Nonetheless, soybeans were faring better than wheat, which dropped 0.6% to $5.46 ¼ a bushel in Chicago for March delivery – signally falling below its 100-day moving average.

And this despite USDA data overnight showing that cold conditions last week appear indeed to have wrought some damage to US winter wheat seedlings, with the proportion rated “good” or “excellent” down 2 points to 58%.

That is hardly disastrous, certainly.
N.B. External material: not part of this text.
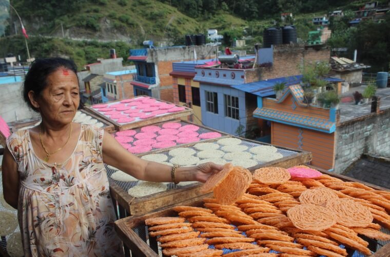 “पोखराबाट दुई लाखको झिनियाको माग आएको थियो,” उनले भने “राम्रोसँग घाम नलाग्दा पोखराको माग पुर्‍याउन सकिएन् । बेनीकै ग्राहकलाई बल्लतल्ल पुर्‍याएको छु ।” दसैँलगत्तै बेनीका उद्यमीले तिहारका लागि झिनिया बनाउन थालेका थिए । चामलको पिठो पकाएर त्यसलाई मेसिनमा पेलेर निस्कने चाउचाउको जस्तो त्यान्द्रोलाई दुई दिनसम्म घाममा सुकाएपछि झिनिया तयार हुन्छ ।

But it is down 4 points year on year.

And the data showed a widespread condition decline, with no states showing an improvement in the crop, and Nebraska seeing a drop of 9 points in the good or excellent rating, albeit to a still creditable 69%.

In Washington state, the rating fell 5 points to 23%.

Cold weather

And further cold weather could be the story of the US winter, if El Nino arrives as some meteorologists foresee, although it would at least by accompanied by rains to boost soil moisture levels in the US Plains.

“Longer term the influence of El Nino conditions, evidenced by warmer than normal sea surface temperatures along the equator in the Pacific Ocean, is expected to bring above-normal levels of precipitation and below-normal temperatures,” Mark Welch at Texas A&M University said in a wheat report.

Still, there is some idea of fears easing over Russian winter wheat, which has been tested by a lack of moisture, and developed poorly.

“Weather forecasters continue to expect temperatures low temperatures in the Russia, but the coldest temperatures and limited snow protection do not coincide all that much,” CBA’s Tobin Gorey said, with snow offering seedlings a blanket against real cold.

Saudi purchase

And the result of the Saudi Arabia wheat tender, which ended up in purchases of 345,000 tonnes of wheat at cut prices, and apparently not from the US, continues to get comment.

“The fact that merchants appear to be offering wheat below replacement cost signals the amount of global wheat that some feel needs to be moved,” said Brian Henry at Benson Quinn Commodities.

This is a particularly concerning signal for US wheat, which is seen as priced out of the market for all but routine destinations.

The wheat Saudi Arabia ordered “may be sourced out of a couple of originations, but it looks like Germany was the odds on favourite to do the bulk of the business,” Mr Henry noted.

‘Aggressive offer’

Corn, meanwhile, repeated its trick of trading between wheat and soybeans, down 0.2% at $3.79 ½ a bushel for March delivery.

The USDA data out overnight actually showed US harvest overtaking the typical pace, at 94% complete, compared with a typical 92%.

That means that “about 770m bushels are still in the field in the area impacted by the US storm, with about half of that in Michigan, Ohio, and Wisconsin,” Dr Welch noted.

There is less concern over US corn exports than wheat.

“Ukraine continues to have an aggressive offer,” Mr Henry said, but added that “I doubt their offer is very deep on shipments after the first of the year”.

Cotton gains

In New York, cotton for March added 0.5% to 59.10 cents a pound, continuing to be pulled towards that 59-60 cents-a-pound level, and helped into some recovery by the slowish pace of the US harvest.

US farmers have 77% of their cotton in the barn, compared with a typical 83%, reflecting a poor pace in the southern Plains.

In both Oklahoma and Texas, growers have harvested less than 60% of their cotton.